The Liverpool Lads and Their Contribution to Modern Radiology
Rockvale, TN, October 24, 2013 -- Electric and Musical Industries, Ltd, was a British firm that had been in the electric and musical business since the early 1930s. Mostly when you read about EMI on Wikipedia, all they talk about is EMI's musical legacy, but before the Beatles arrived on the scene, EMI was most highly valued for their contributions to the British war effort in World War II. Had there been no Beatles, there would have been no enormous interest in records. And the Wiki article would not be so gushily slanted as a result.
Actually, mostly EMI did a lot of radar and microwave stuff.
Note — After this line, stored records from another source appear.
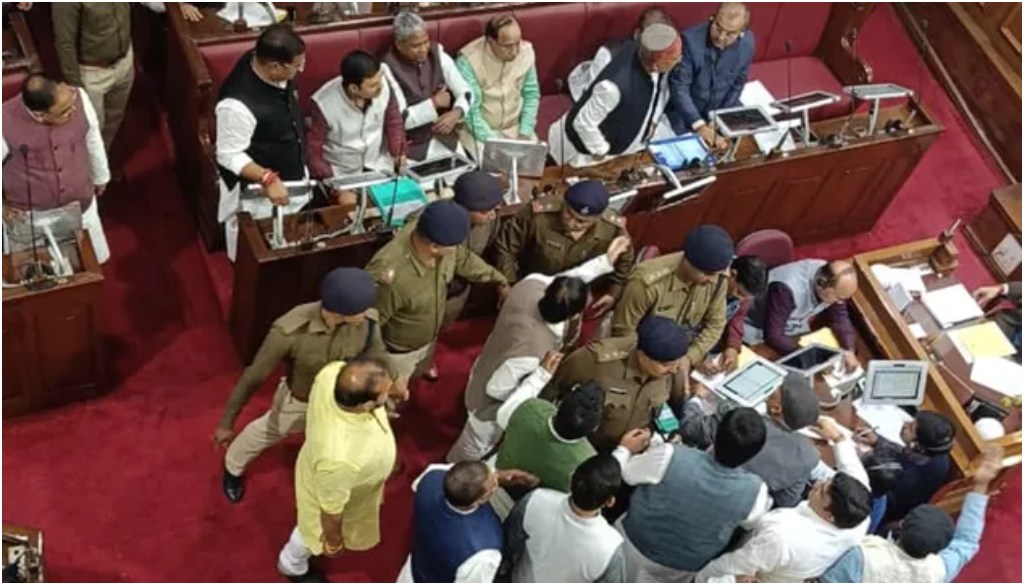 The disruption began soon after the House assembled, with opposition members raising slogans and halting proceedings. As the situation escalated, minister Ashok Choudhary attempted to address the Council, but was repeatedly interrupted, leading to a heated exchange with RJD member Sunil Singh.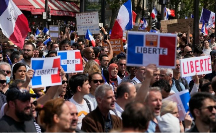 Miles de personas protestaron el sábado en París y otras ciudades francesas contra el requisito de una tarjeta sanitaria obligatoria para entrar en una serie de lugares públicos, que fue introducida por el gobierno en su lucha contra una cuarta ola de infecciones.
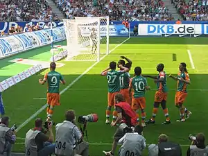 Rosenberg started the 2008–09 season well when he scored four goals and set up Hugo Almeida twice in a 9–3 win over Eintracht Nordhorn in the first round of the DFB-Pokal on 9 August 2008.[155] Seven days later, on 16 August 2008, Rosenberg scored a brace on his debut of the season in a 2–2 against Arminia Bielefeld.[156] A month later, on 20 September 2008, he scored twice in a 5–2 win over Bayern Munich, marking the first time Bremen defeated Bayern at the Allianz Arena.[157] This was followed up by scoring his ninth goal of the season, in a 2–1 win against Erzgebirge Aue in the second round of the DFB-Pokal.[158] After the start of the 2008–09 season, Rosenberg continued to remain involved in the first team despite the new arrival of Claudio Pizarro.[159][160][161][162] Despite a muscular injury sustained while on international duty, Rosenberg later added two more goals by end of 2008, scoring against Hertha BSC and Inter Milan (despite a 2–1 victory, Werder Bremen were eliminated from the group stage and demoted to the UEFA Cup).[163][164][165] On 15 March 2009, Rosenberg scored twice in a 4–0 win over VfB Stuttgart, ending his ten matches without scoring a goal.[166] Despite being sidelined later in the 2008–09 season, he started in the 2009 UEFA Cup Final against Shakhtar Donetsk and played 78 minutes before being substituted, as Werder Bremen went on to lose 2–1 at extra time.[167][168] While not winning the UEFA Cup, the club, nevertheless, won the DFB-Pokal after beating Bayer Leverkusen 1–0.[169] By the end of the 2008–09 season, he had made 47 appearances scoring 13 times in all competitions, making him the club's third highest goal scorer, behind Claudio Pizarro and Diego. However, his goal scoring form came under criticism, due to performance expectations in the first two seasons at Werder Bremen.[170]
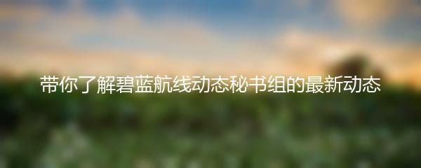 碧蓝航线动态秘书组是一支为我们带来最新动态的重要团队。他们以航线运营为核心,为游戏玩家提供各种精彩活动和更新消息。今天我们就来了解一下碧蓝航线动态秘书组的最新动态。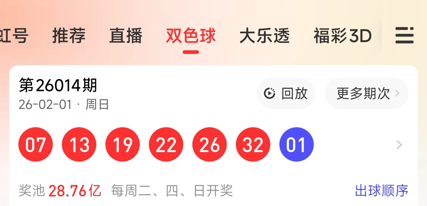 红球开出7,13,19,22,26,32,蓝球开出1。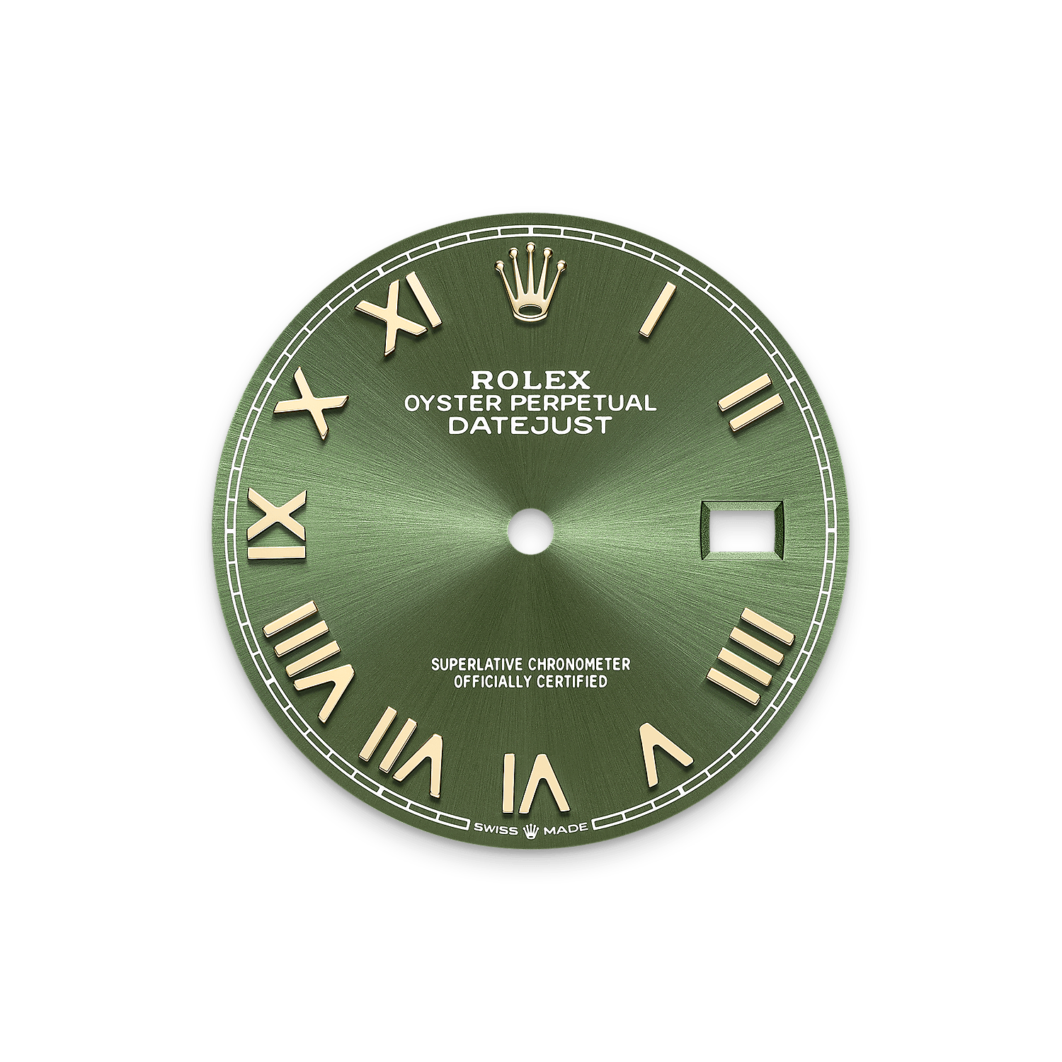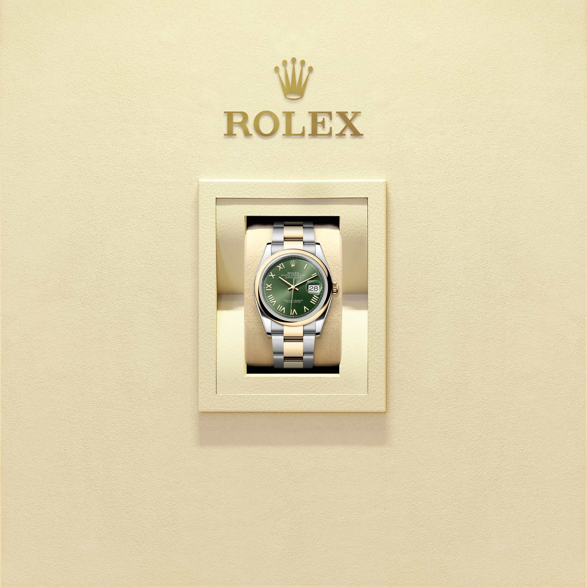 This Oyster Perpetual Datejust 36 in Oystersteel and yellow gold features an olive-green dial and an Oyster bracelet.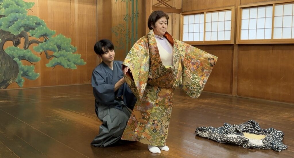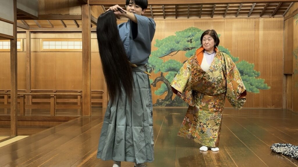 なお装束は、汗や動きによって少しずつ傷んでいきます。保存のために「虫干し」といって、舞台の上に広げて空気を通す作業も定期的に行われます。使い続けながら、守り続ける。その両立が、数百年という時間を越えてきました。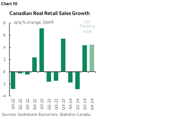 This is despite a modest amount of slack. Consumers’ inflation expectations remain at the top end of the BoC’s 1–3% inflation target range. Wage growth remains excessive relative to productivity. The consumer sector has shown a significant response to falling interest rates with growth of 3% q/q SAAR or better in two of the past three quarters pending Q4 for which we can point to strong tracking of retail sales volumes (chart 10).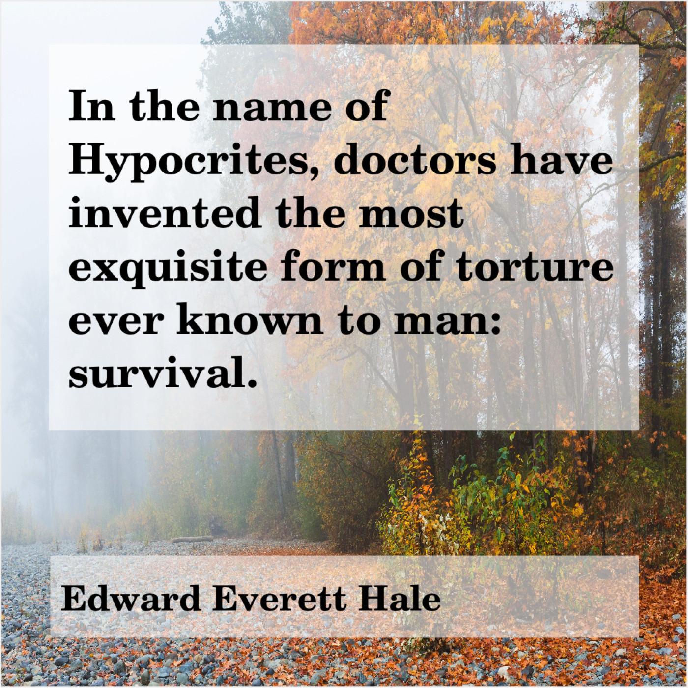 Edward Everett Hale Edward Everett Hale – In the name of Hypocrites… January 11, 2019 admin “In the name of Hypocrites, doctors have invented the most exquisite form of torture ever known to man: survival.”-Edward Everett Hale

Still, they kept their hand in the record biz, but even being a major player in a specialized market, which is what records were before the British Invasion, didn't count as their chief source of income. They made their money the old-fashioned way. They invented. They were scientists, not pop stars.
One of their scientists was a fellow named Godfrey Hounsfeld. Along about the beginning of the 1950s he had an idea: If you could take enough x-rays of the human body, it might be possible to mathematically manipulate the resultant images in such a way as to show the area of interest in cross-section. There was one overwhelming problem, however: it would take a lot of math. Later, Hounsfeld realized that a computer would do the trick and began to work on an idea that would ultimately become the first transistorized computer in Britain. This took a long time, however. The research and development was extremely expensive, even for EMI, so the idea was shelved and then re-shelved.
George Martin was a young A&R guy at EMI Records, and he heard the Beatles, signed them to the label, and produced their records. The rest, as they say, is history. But not quite.
The Beatles not only changed the nature of the record business, taking it from small-time, largely regional endeavors to an actual industry, they also added millions and millions of sudden wealth to EMI.
Not having anything to throw all this windfall at, EMI funded Hounsfeld and his x-ray idea. The result was what was at first called EMI scan. We now know it as Computer-Assisted Tomography, or CAT scan. All other modalities, PET scans and Magnetic Resonance Imaging (MRI), are descendants of Hounsfeld's idea.
So the next time you're having to lie in that MRI tube, as I was today, with those ineffective earplugs not keeping out the incredible 40,000-decibel slams and lurches, when that rhythmic thing starts up that reminds you of I Wanna Hold Your Hand (I can't hide! I can't hide! I can't hiiiiiide!), you'll know the reason.